Ces questions primordiales l’ont amené : à compléter un doctorat en psychologie, à côtoyer Carl Rogers, à faire des études comparées sur les grandes religions, à étudier et observer des personnes admirables. Petit à petit, il développe sa vision et le premier centre de communication non violente (CNV) s’active en 1960. Aujourd’hui, il y a des centres et des formations en communication non-violente dans 65 pays. La communication non-violente existe depuis plus de 50 ans et elle se définit comme l’œuvre d’une vie.

 

Nos conditionnements millénaires

Qu’a découvert monsieur Rosenberg ? Notre façon de communiquer est souvent connotée de violence. Nous ne sommes pas méchants, bien au contraire, car la communication non-violente mise sur une nature humaine bienveillante et remplie de compassion. Nous sommes conditionnés à communiquer ainsi depuis des millénaires. Vous pensez : « mais je ne suis pas violent dans mes communications. » Je pensais la même chose. Puis j’ai constaté que nous sommes violents dès que nous jugeons l’autre, le conseillons ou le moralisons. C’est encore plus évident si on l’insulte ou le ridiculise. Il m’arrive de communiquer sans bienveillance avec mes enfants. Quand j’ordonne, m’impatiente, critique ou hausse-le ton, je fais preuve d’une « certaine » violence. J’aime mes enfants plus que tout au monde. Mais quelquefois, en raison du stress et de la fatigue, c’est plus difficile. La communication est un réel défi.

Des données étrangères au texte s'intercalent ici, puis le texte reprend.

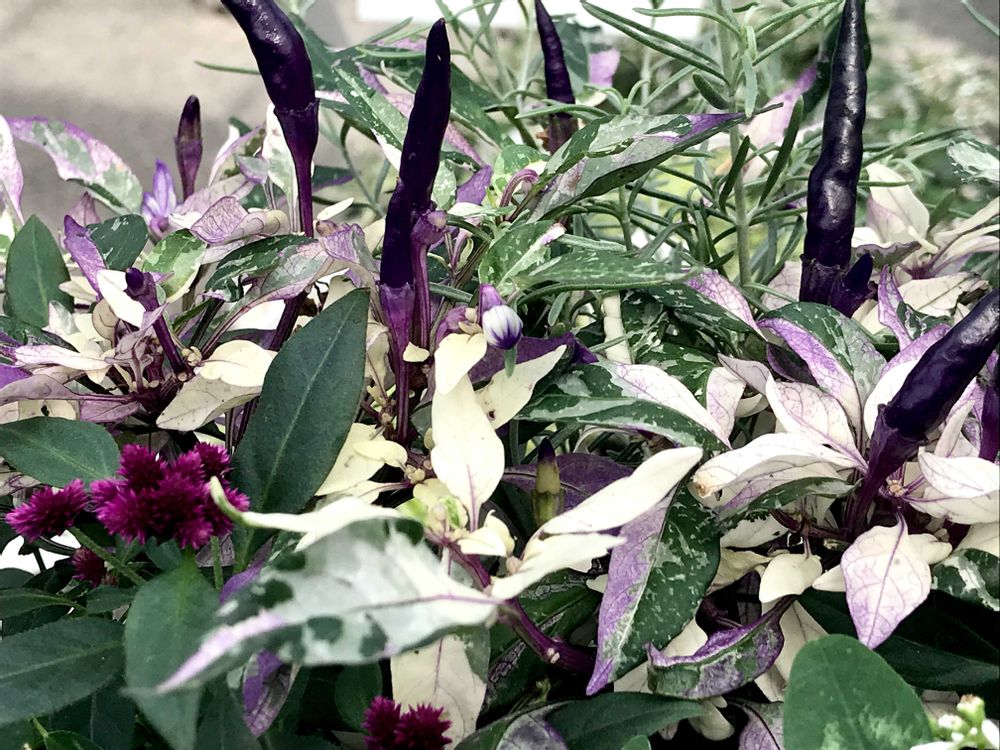 白と紫の斑入りで、実は濃いパープルのとっても素敵なトウガラシでした💚🤍💜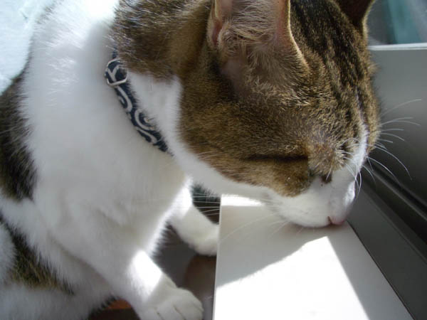 起き上がって窓枠をフンフンし始めました。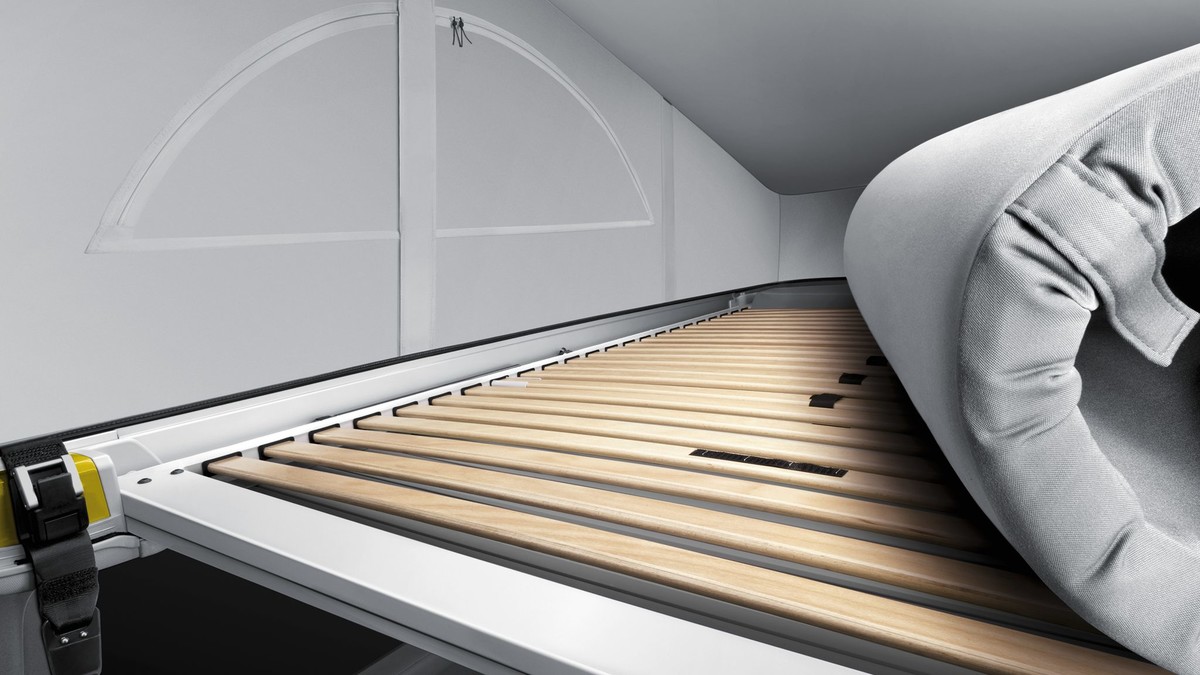 À la nuit tombée, le coin couchage du van aménagé 4 places California Coast T6 automatique Volkswagen se dévoile grâce à 2 lits double convertibles. Le premier - de 114x200 cm - est situé « en bas », dans l’espace séjour. Composé de la banquette arrière convertible couplée à une rallonge de lit intégrée, il se déplie très facilement en 2 mouvements. Il ne vous reste alors plus qu’à tirer le surmatelas fourni pour vous coucher dans un environnement aussi confortable que chez vous. A la différence que « chez vous » n’est pas forcément au pied d’un lac ou au cœur d’une forêt ! Le second lit double – 120x200 cm – est « à l’étage », et se révèle en levant le toit escamotable. Il bénéficie d’un sommier et d’un matelas de qualité, sur lequel vous pourrez vous tenir en position assise. Une manière comme une autre de contempler, par les « fenêtres » à moustiquaires intégrées, l’aube se lever sur le « nightspot » de rêve que vous n’aurez manqué de dénicher la veille ! Tous les couchages possèdent des veilleuses dédiées et des prises 12V à proximité, et l’occultation de l’habitacle peut être totale grâce aux stores intégrés.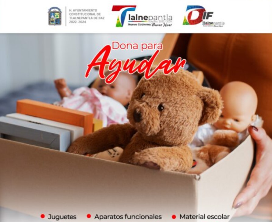 Dando cumplimiento a su labor altruista, el Sistema Municipal DIF de Tlalnepantla que preside María Gómez Martínez lleva a cabo la campaña “Dona para ayudar”, en la que se convoca a la ciudadanía a donar juguetes, aparatos funcionales y material escolar en buen estado.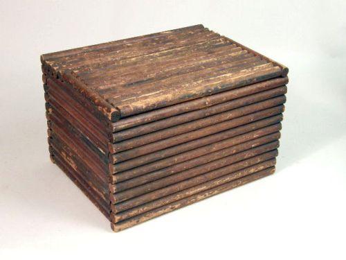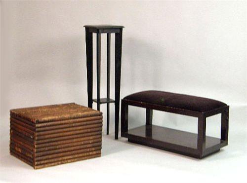 Together with a black pedestal, and a rustic chest. 18"h x 18"w x 36"d, 45 1/2"h x 12"sq., 16 1/2"h x 26"w x 20"d, respectively

Comme lieu d’observation de ces petites et grandes violences, je vous suggère les relations de travail. Remarquez les effets du commérage des uns sur les autres, les critiques sur les gestionnaires, sur les nouvelles procédures, les questionnements à ne plus finir, le rejet des personnes ou des idées de manière assez directe, les refus de discuter ou de négocier, etc. La violence possède un large registre. Réussir à l’éviter, c’est déjà favoriser des liens de qualité, de l’ouverture et même de la bienveillance chez soi et chez l’autre.

 

La première-étape : la conscience de soi

En premier lieu, je vous suggère de prendre conscience de cette violence. D’en devenir l’observateur, c’est un premier pas nécessaire. On a tout le contrôle de ses réactions et on peut arrêter nos mots et gestes agressants. Se retirer dans son cocon, respirer et tenter de découvrir quel est le besoin ou la valeur insatisfaite. Quand je reconnais mon stress, je suis déjà plus en contrôle face aux enfants. Inutile de crier pour qu’ils ne manquent pas l’autobus scolaire.  Avec mes associés, j’apprécie la retenue de chacun d’eux. Peu importe ce qui arrivera, je sais que nous tenons tous aux liens respectueux et d’entraide. Nous avons l’intention de former une équipe. Découvrir son intention importe grandement. Cela fera l’objet d’une autre chronique.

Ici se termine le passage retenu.